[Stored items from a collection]

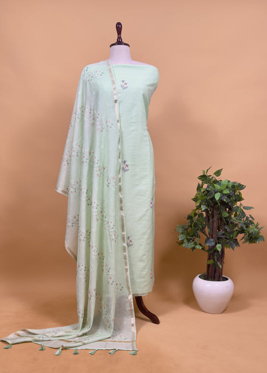 Pastel Pistachio Pure Mulmul Suit Fabric With Gold Tissue Silk Appliqué Work
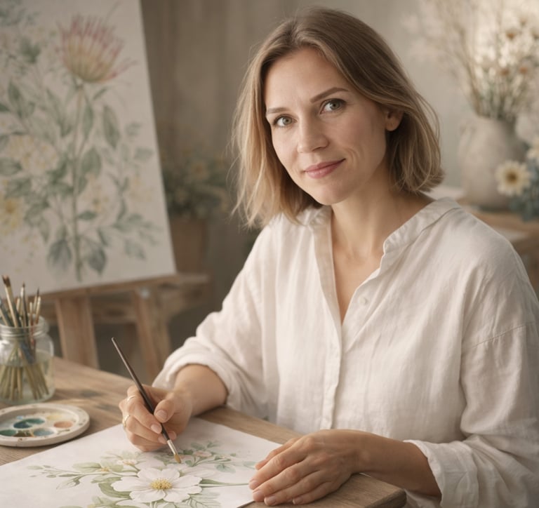 Mon travail explore la délicatesse des fleurs, la transparence de l’eau et les gestes simples de la peinture. À travers mes œuvres et les ateliers Flowa, je souhaite créer des moments de calme, d’observation et de créativité.
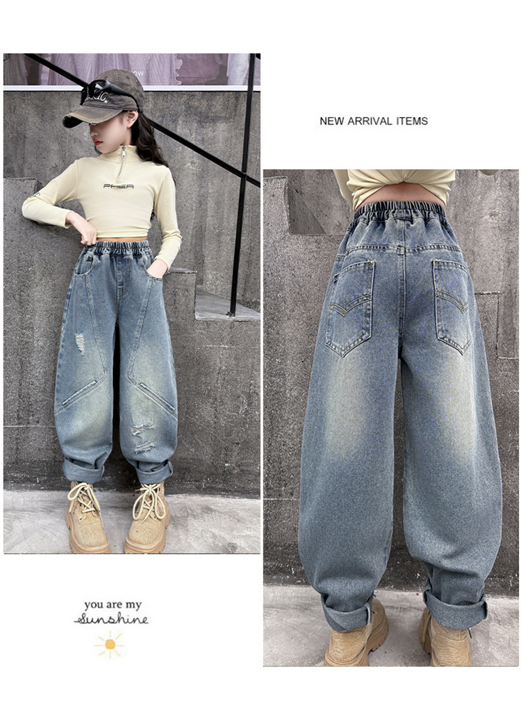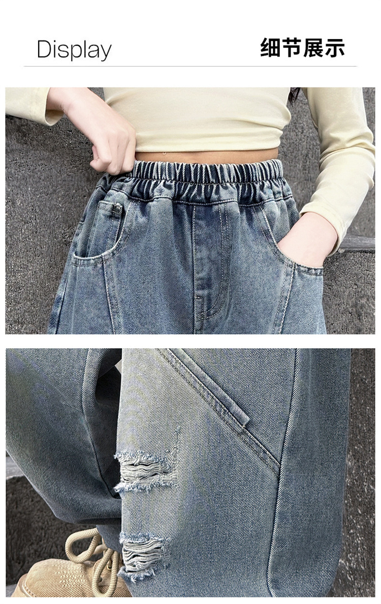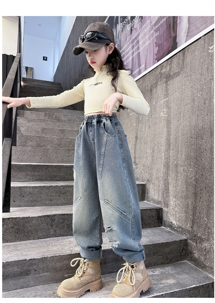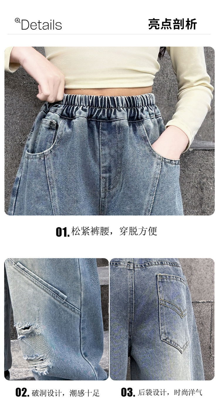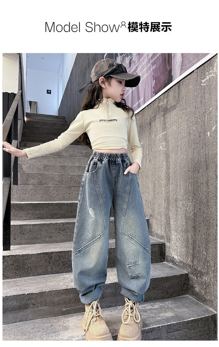 소녀 바지 2025 봄과 가을 새로운 청바지 유행 멋진 독특한 파쇄 마체 바지 소녀의 넓은 다리 바지스토어 가기
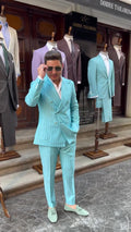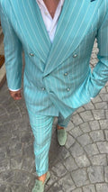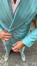 Step into a league of your own with this show - stopping turquoise pinstripe double - breasted suit. Crafted for the modern man who isn't afraid to make a statement, this suit seamlessly blends classic tailoring with a bold color choice.
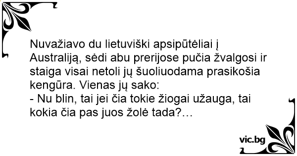 Nuvažiavo du lietuviški apsipūtėliai į Australiją, sėdi abu prerijose pučia žvalgosi ir staiga visai netoli jų šuoliuodama prasikošia kengūra. Vienas jų sako:
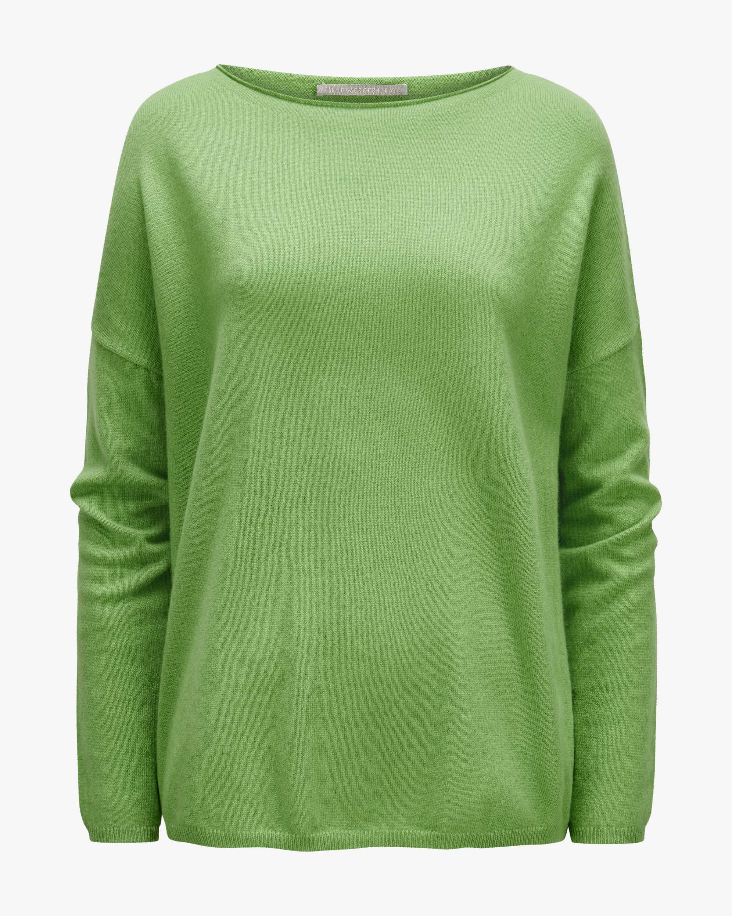 Sweater for women by (The Mercer) N.Y. in green. Founded in New York, the brand the brand stands for minimalist luxury with an urban edge. This model is particularly soft to the touch thanks to the high-quality cashmere finish, while the oversized feel, while the oversized silhouette with dropped shoulders creates a casual knit basic. knit basic.
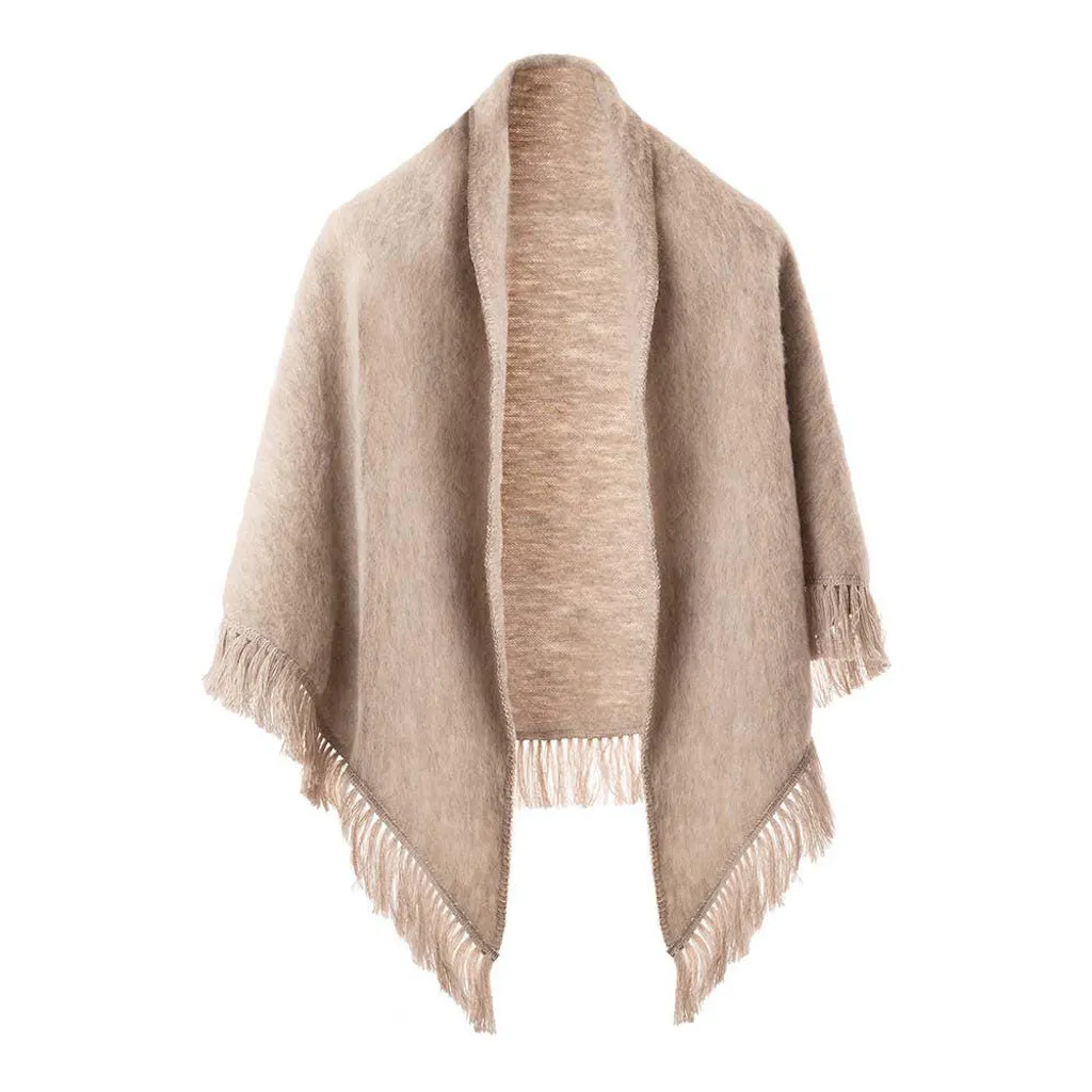 Vous pouvez aussi transformer votre grand châle en une cape élégante en le disposant sur vos épaules et en le sécurisant avec une broche. Les franges ajoutent une note décontractée à cette option chic, parfaite pour les soirées d'hiver.
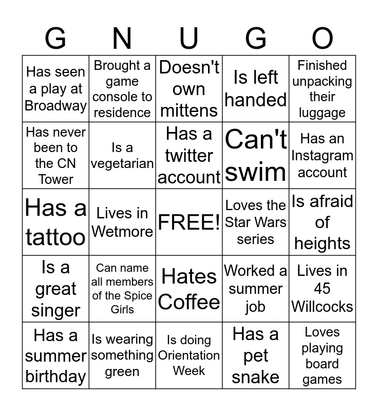 This bingo card has a free space and 24 words: Can name all members of the Spice Girls, Is wearing something green, Has a twitter account, Has a summer birthday, Finished unpacking their luggage, Has seen a play at Broadway, Has never been to the CN Tower, Brought a game console to residence, Loves the Star Wars series, Hates Coffee, Can't swim, Has a tattoo, Worked a summer job, Lives in 45 Willcocks, Is a vegetarian, Has a pet snake, Is afraid of heights, Doesn't own mittens, Has an Instagram account, Lives in Wetmore, Loves playing board games, Is a great singer, Is left handed and Is doing Orientation Week.
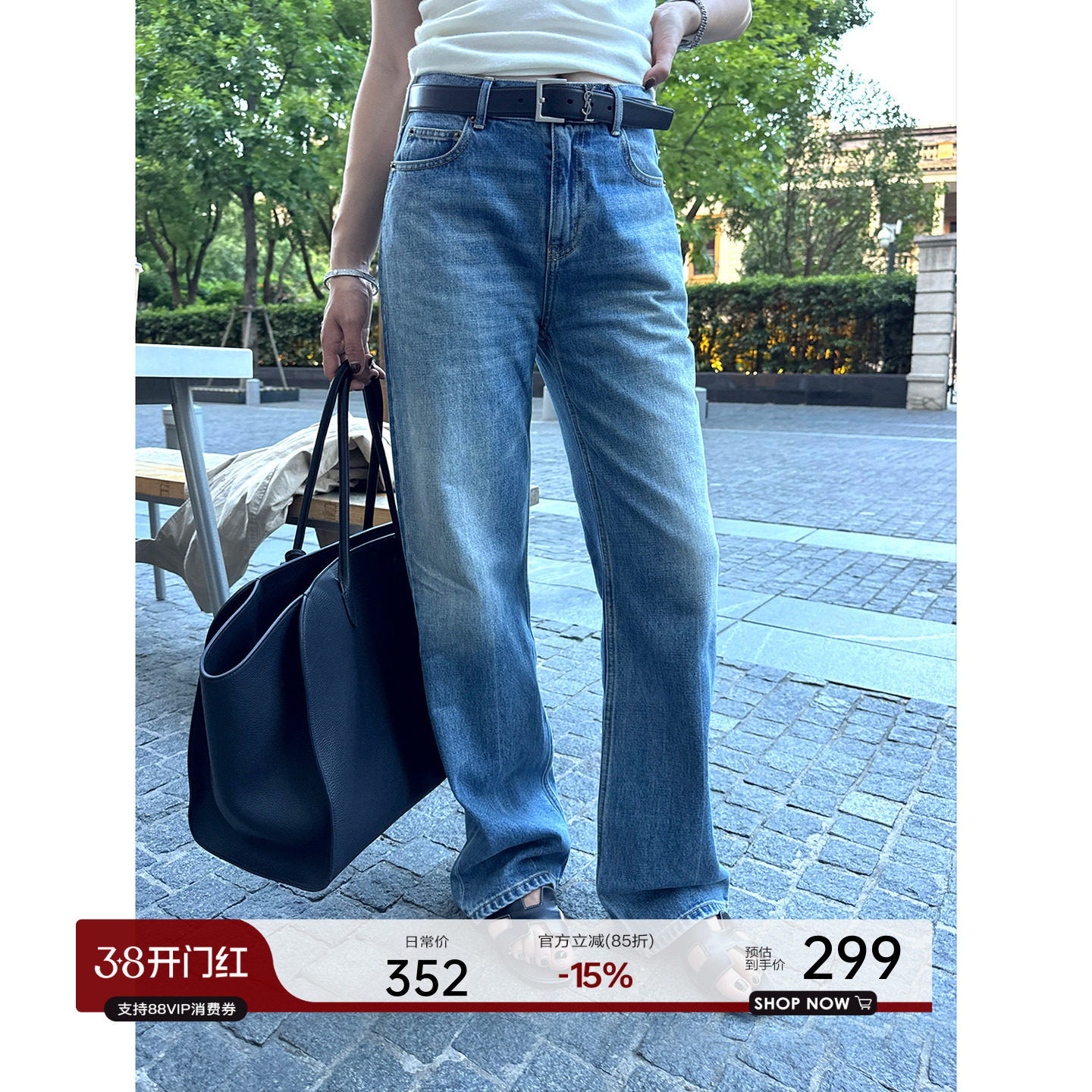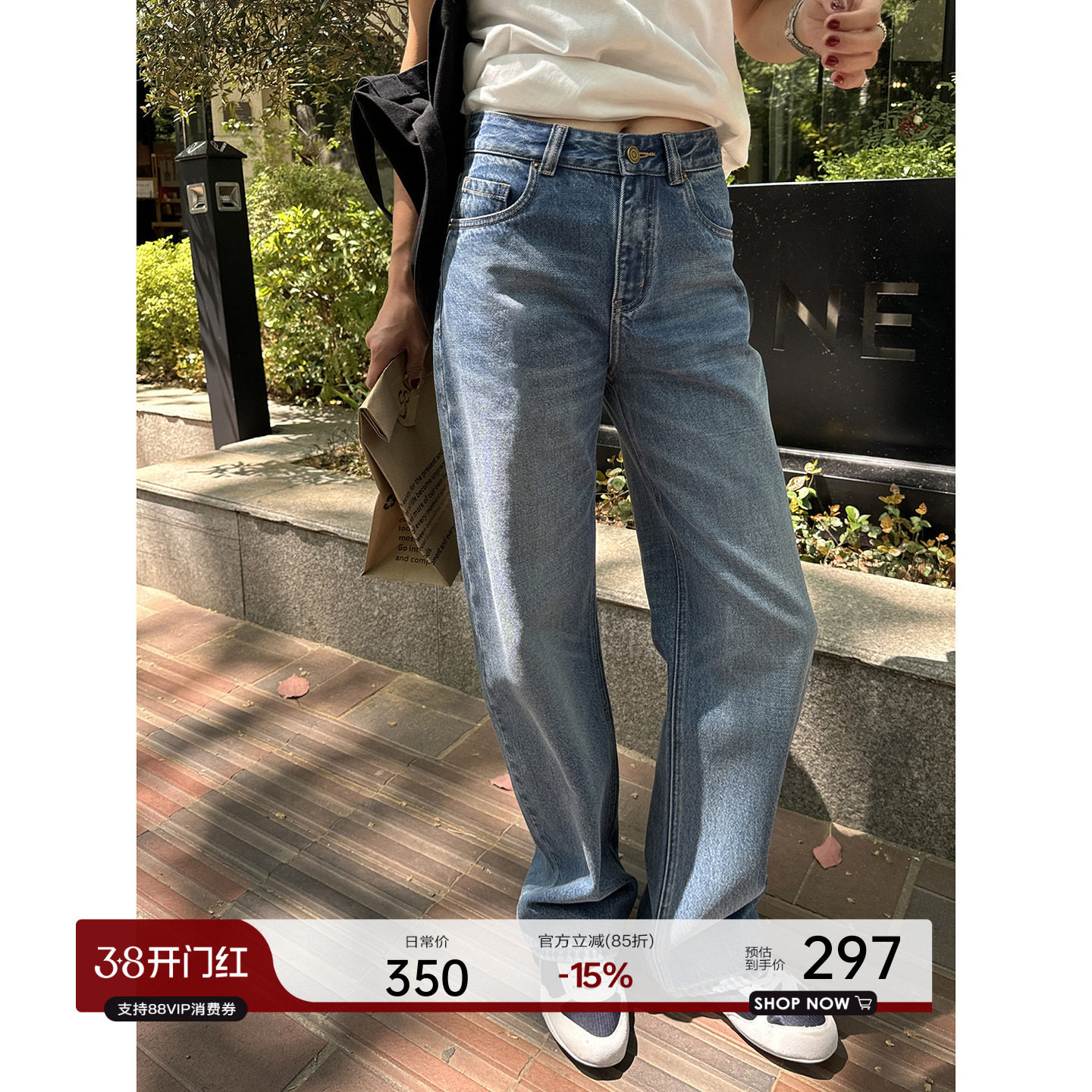 YANGLE_牛仔裤女2025年秋季新款复古水洗高腰直筒宽松浅色拖地裤

_Task prompt:_
Word for word, restate the lines above from the one with "Step into a" through the one with "Vous pouvez aussi", keeping both ends and dropping the pictures.

_Response:_
 Step into a league of your own with this show - stopping turquoise pinstripe double - breasted suit. Crafted for the modern man who isn't afraid to make a statement, this suit seamlessly blends classic tailoring with a bold color choice.
 Nuvažiavo du lietuviški apsipūtėliai į Australiją, sėdi abu prerijose pučia žvalgosi ir staiga visai netoli jų šuoliuodama prasikošia kengūra. Vienas jų sako:
 Sweater for women by (The Mercer) N.Y. in green. Founded in New York, the brand the brand stands for minimalist luxury with an urban edge. This model is particularly soft to the touch thanks to the high-quality cashmere finish, while the oversized feel, while the oversized silhouette with dropped shoulders creates a casual knit basic. knit basic.
 Vous pouvez aussi transformer votre grand châle en une cape élégante en le disposant sur vos épaules et en le sécurisant avec une broche. Les franges ajoutent une note décontractée à cette option chic, parfaite pour les soirées d'hiver.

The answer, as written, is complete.